(Beginning of Recorded information)
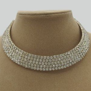 Thick choker necklace of 5 rows of round prong-set clear rhinestones. The back of the necklace is secured with a chain and lobster clasp.
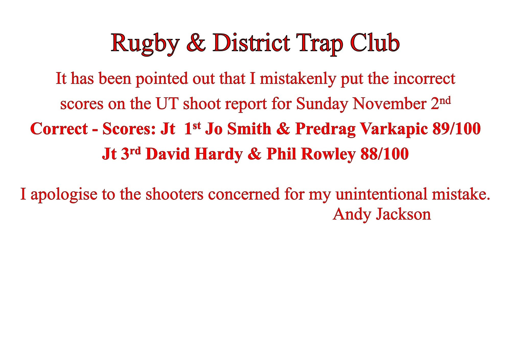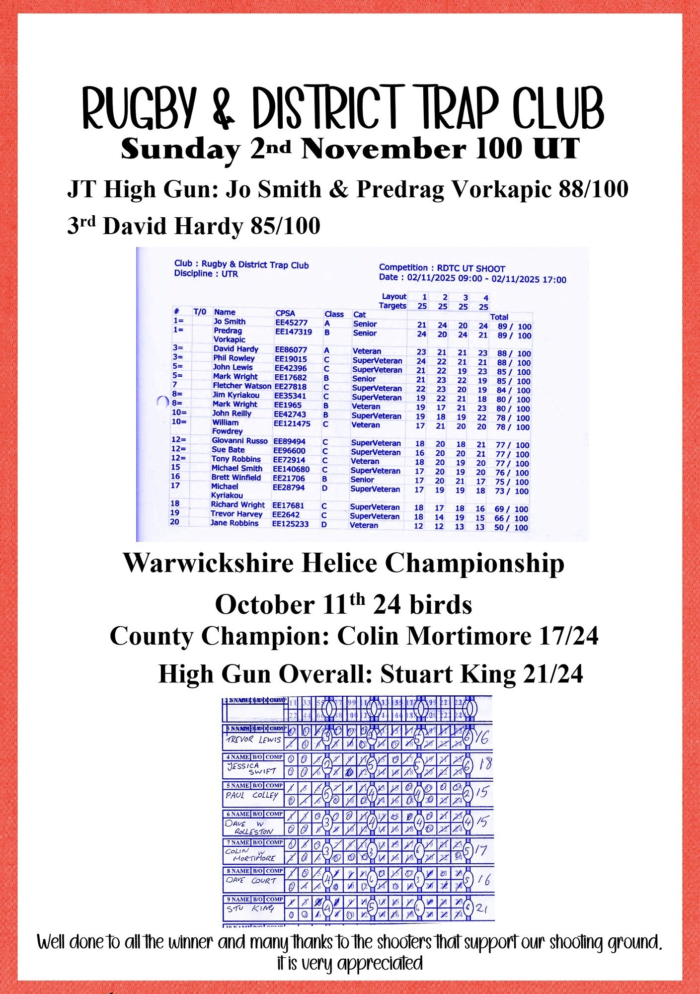 Many thanks to all our shooters for continued support of our shooting ground and for all the help we are given, it is very much appreciated. many thanks to Alan Rowley who was able to stay behind and help put equipment away it was greatly appreciated.
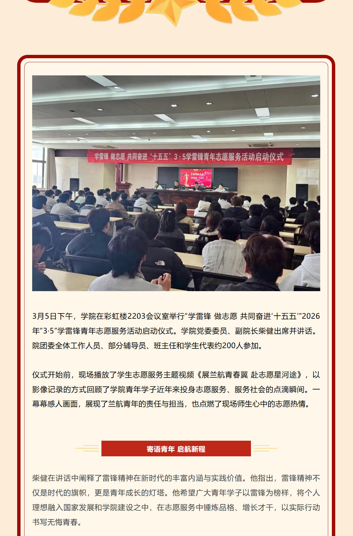 学院启动2026年“3·5”学雷锋青年志愿服务活动
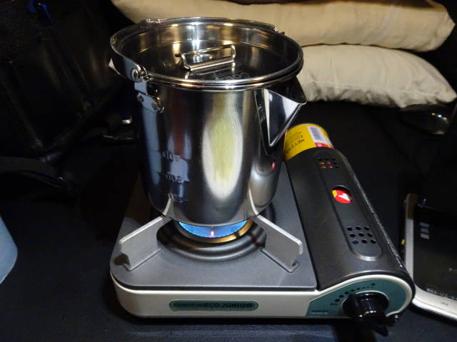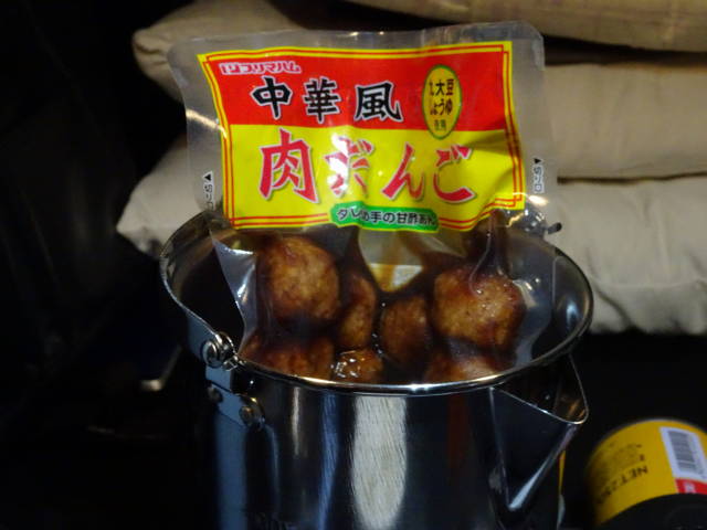 前回の楽天スーパーセールで買った、カクセーのステンレスケトルを使って、レトルトの肉だんごを湯煎。
(End of Recorded information)
Would you print the listing above in full, exactly, but with no pictures?

 Thick choker necklace of 5 rows of round prong-set clear rhinestones. The back of the necklace is secured with a chain and lobster clasp.
 Many thanks to all our shooters for continued support of our shooting ground and for all the help we are given, it is very much appreciated. many thanks to Alan Rowley who was able to stay behind and help put equipment away it was greatly appreciated.
 学院启动2026年“3·5”学雷锋青年志愿服务活动
 前回の楽天スーパーセールで買った、カクセーのステンレスケトルを使って、レトルトの肉だんごを湯煎。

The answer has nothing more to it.